Elena Martilla era estudiante de bellas artes en Leningrado cuando se produjo el asedio de la ciudad. El profesor de esta artista de 18 años le dijo: «Sal y dibuja todo lo que veas… tenemos que preservar esto para la humanidad. Hay que advertir a la generaciones venideras sobre el deleznable horror de la guerra».

Y eso hizo.

Tras la guerra se vio obligada a esconder su cuaderno de dibujos del asedio para que no lo encontrara la NKVD. Llegada la década de 1980 tan sólo se le permitió enseñar un par de dibujos; le dijeron que eran demasiado «psicológicos», demasiado «pesimistas». Años más tarde, en 1991, recibió una invitación de una importante galería de arte para exhibir todas sus obras. La invitación procedía de Berlín.

Por primera vez en su vida, Martilla vio sus dibujos del asedio, más de ochenta, expuestos en tres salas separadas. Durante la exposición conoció a algunos de los veteranos alemanes que habían participado en el sitio. «Las palabras sobraron», dijo Martilla. «Podía leerlo en su ojos: “Yo estuve en Leningrado”.» Recorrió la exposición con algunos de ellos, que le preguntaron sobre la vida en la ciudad asediada; a continuación, se detuvieron. «Permanecieron allí quietos, con lágrimas en los ojos», recordó Martilla. Después, uno de ellos dio un paso al frente. «Le pedimos que nos perdone», dijo. «Nada de esto era necesario desde el punto de vita militar. Tratamos de acabar con sus vidas, pero nos destruimos a nosotros mismos como seres humanos. En nombre de todos nosotros, le pido que nos perdone.» A medida que oía estas palabras, a Martilla le vino a la cabeza otro recuerdo del asedio: la cruel indiferencia de las autoridades de Leningrado hacia el sufrimiento de los habitantes de la ciudad. Ellos nunca pidieron perdón. «La guerra es terrible –contesto–, pero mi lucha es contra el fascismo, no contra el pueblo alemán.
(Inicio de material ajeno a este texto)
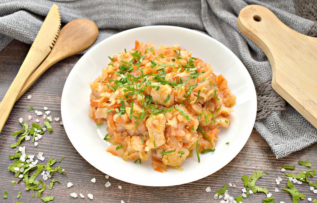 Сегодня предлагаю приготовить вкусную, сочную, очень аппетитную капусту, тушёную с курицей в казане. Для меня это блюдо является универсальным. Его можно подать к столу в горячем виде к обеду или ужину. Такие капуста с курицей в тёплом виде станут отличной закуской, которой можно дополнить картофельное пюре или любой другой гарнир. После остывания это блюдо можно использовать в качестве начинки для различных пирогов или пирожков. Для тушения лучше всего брать мясо без костей, например, куриное филе или мясо, срезанное с любых частей (например, с бёдер или голеней). Уверена, это сочное, сытное блюдо понравится многим!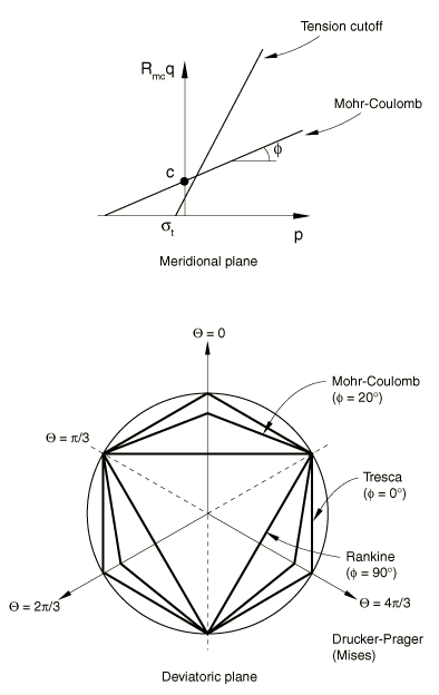 The yield surface is a composite of two different criteria: a shear criterion, known as the Mohr-Coulomb surface, and an optional tension cutoff criterion, modeled using the Rankine surface.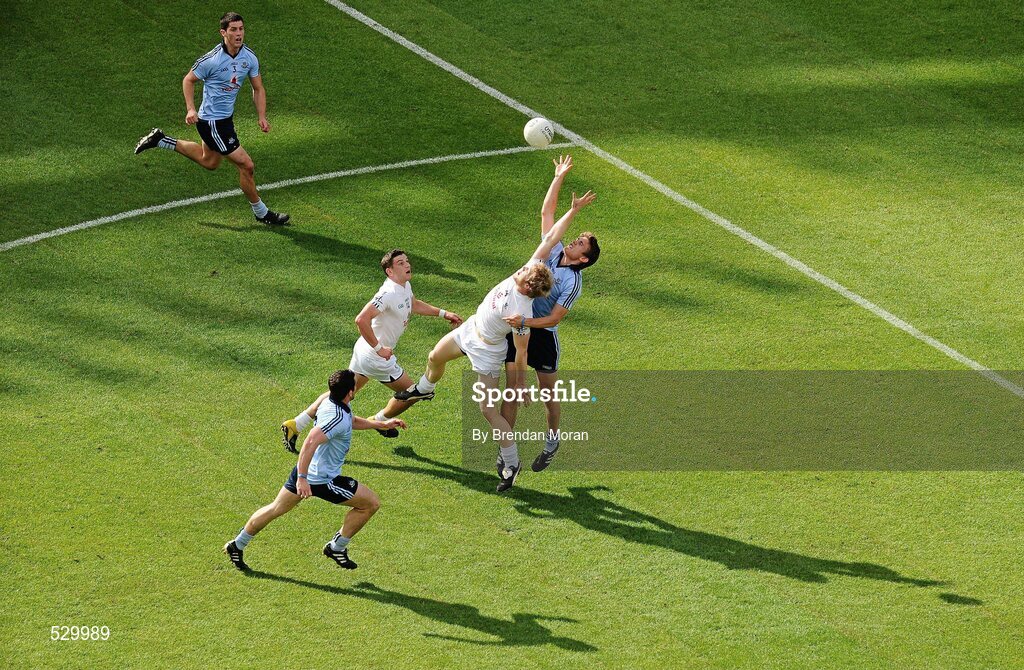 26 June 2011; Michael Fitzsimons, 4, Dublin, contests a dropping ball with Tomas O'Connor, Kildare. Leinster GAA Football Senior Championship Semi-Final, Dublin v Kildare, Croke Park, Dublin. Picture credit: Brendan Moran / SPORTSFILE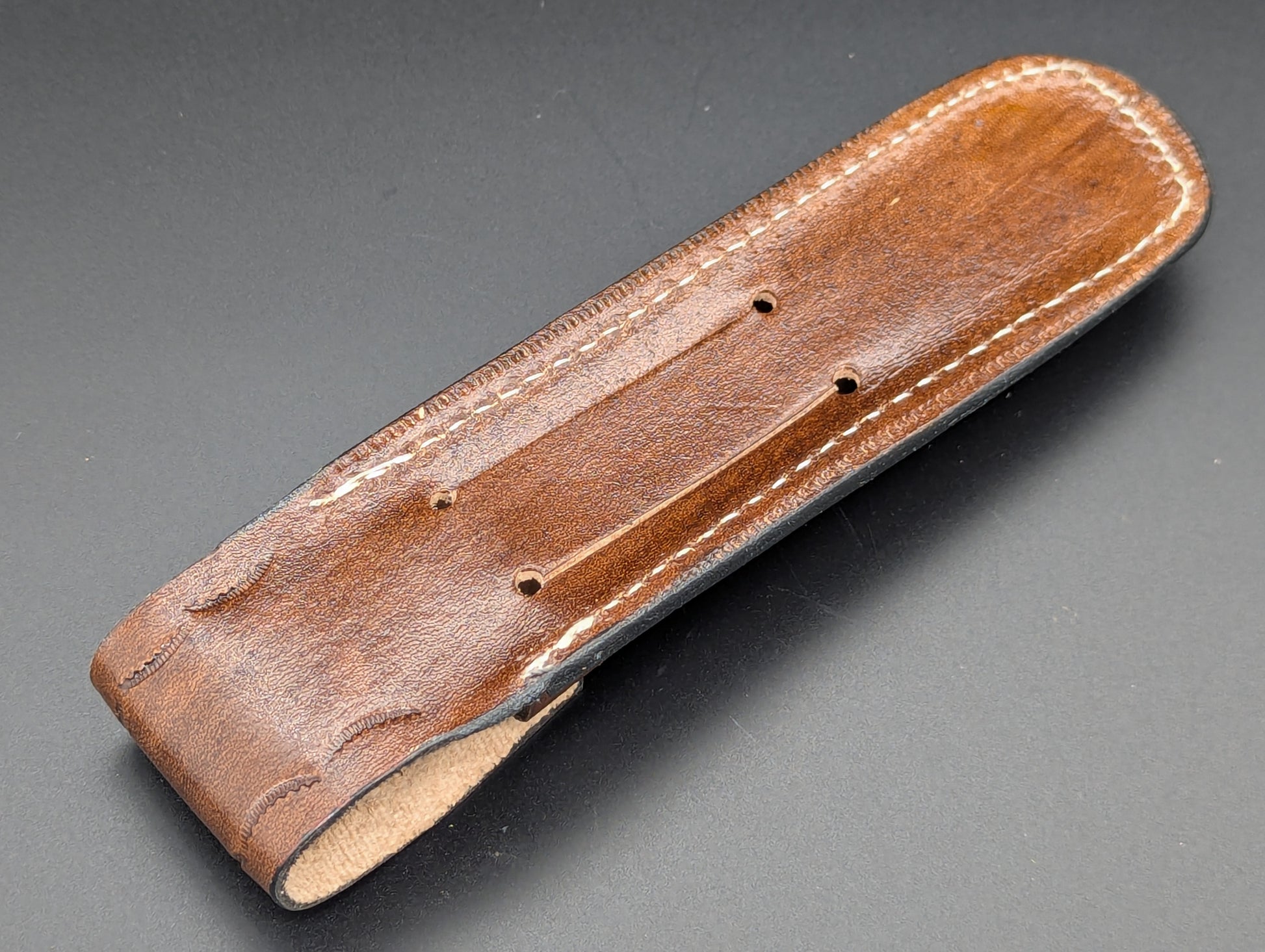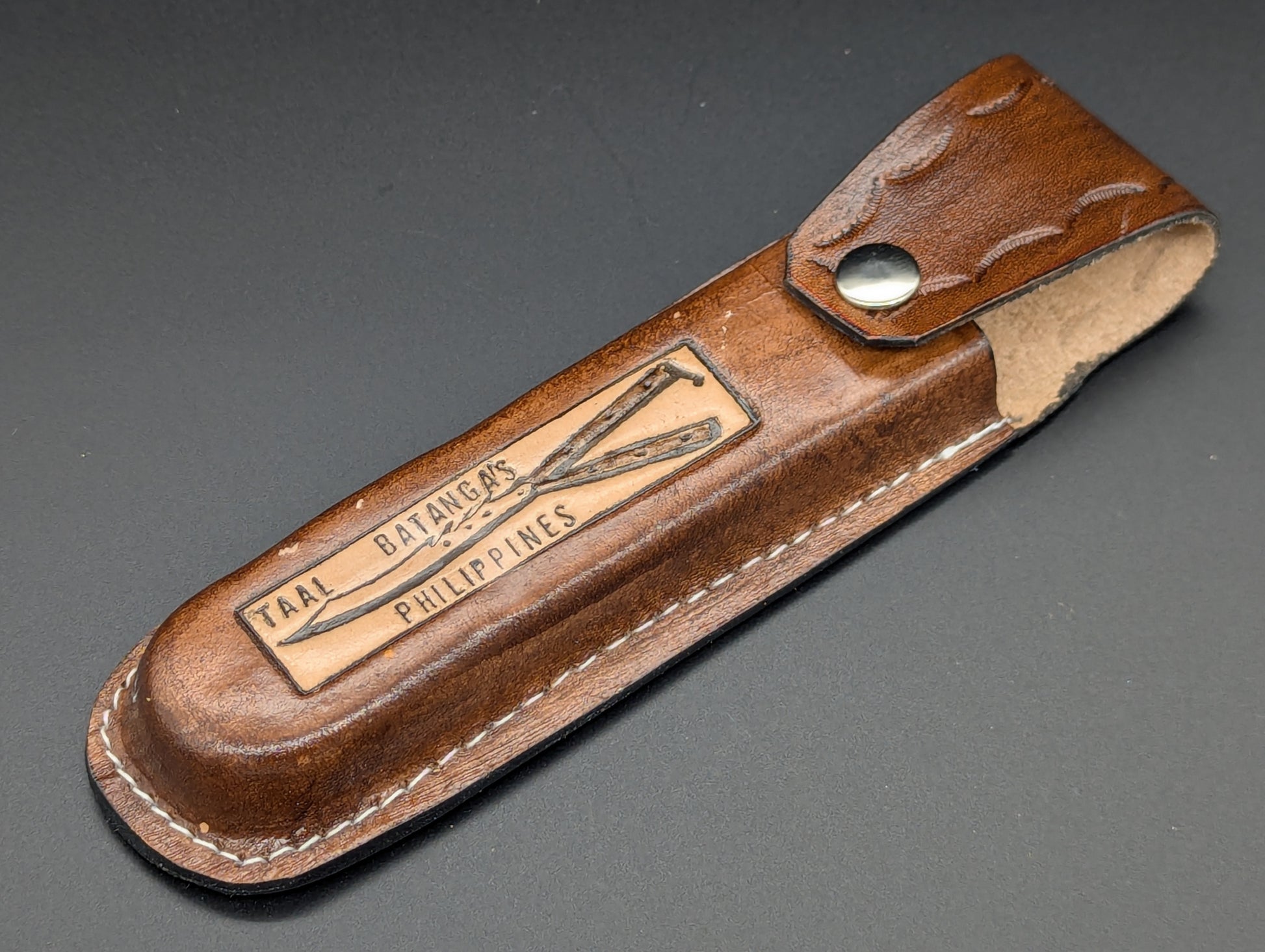 194 Gram 29cm/ 11" OL SOLID BRASS HANDLE "KALAPKUP" STYLE PHILIPPINES HANDMADE BALISONG. FEATURES RED COMPOSITE SCALES WITH BRASS TRIBAL DESIGN OVERLAY AND BOLSTERS. THIS MODEL OFFERS UP A BIG OLE 5" "RAMBO" STYLE FILEWORKED & MILLED CLIP POINT BLADE WITH CLASSIC BOTTLE OPENER CUTOUT ON THE BLADE TANG. INCLUDES TAAL BATANGAS PHILIPPINES HANDMADE LEATHER SHEATH

Y el fascismo existe en todos nosotros.»
(Pag. 325)


La cifra oficial de fallecidos en el asedio por frío, hambre y los ataques alemanes es de 632.252 civiles. Dmitry Likhachev, superviviente de la ciudad, se preguntó internamente “¿Quién se encargó de contar a los que se hundieron bajo el hielo, a los que fueron recogidos por las calles y llevados directamente a los depósitos de cadáveres y de los pueblos cercanos que habían huido a Leningrado? ¿Y con el resto, con los refugiados que no tenían papeles, que murieron sin cartillas de racionamiento en las viviendas sin calefacción que se les asignaron?”. (Pag. 321).

Otras fuentes indican que la cifra real se encuentra entre millón y medio y dos millones de civiles muertos. La mayoría fueron enterrados en fosas comunes, muchas de ellas situadas en el cementerio Piskarióvskoye. En uno de sus muros se puede leer un poema de Olga Berggolts:


Aquí yacen leningradeses:

Aquí hay ciudadanos – hombres, mujeres y niños
Y junto a ellos, los soldados del Ejército Rojo.
Ellos, defendieron Leningrado,
La cuna de la Revolución
Con todas sus vidas.
No podemos enumerar sus nobles nombres aquí,
Hay muchos de ellos bajo la protección eterna de granito.
Pero sabed esto, aquellos que consideran estas piedras:
Nadie se olvida, no se olvida nada.


Autor: Michael Jones
Título: El sitio de Leningrado. 1941-1944
Editorial: Memoria Crítica


Aproximación personal:
Los dibujos de Elena Martilla son estremecedores, y varios de ellos acompañan el libro de Michael Jones editado por Memoria Crítica. Cada uno de ellos guarda una terrible historia y nos muestran el sufrimiento de seres inocentes dibujados por una de las personas que los padeció.

miércoles, 1 de mayo de 2013

Berlín La caída 1945


Götterdammerung


La historia siempre concede una mayor importancia a los acontecimientos terminales” dijo Albert Speer a sus interrogadores aliados. Con esta lapidaria frase Antony Beevor empieza su ensayo sobre la batalla de Berlín. Y es posible que con ella se resuma la fascinación con que se estudia el fin del III Reich. Auténtico “Götterdammerung”, el Crepúsculo de los Dioses.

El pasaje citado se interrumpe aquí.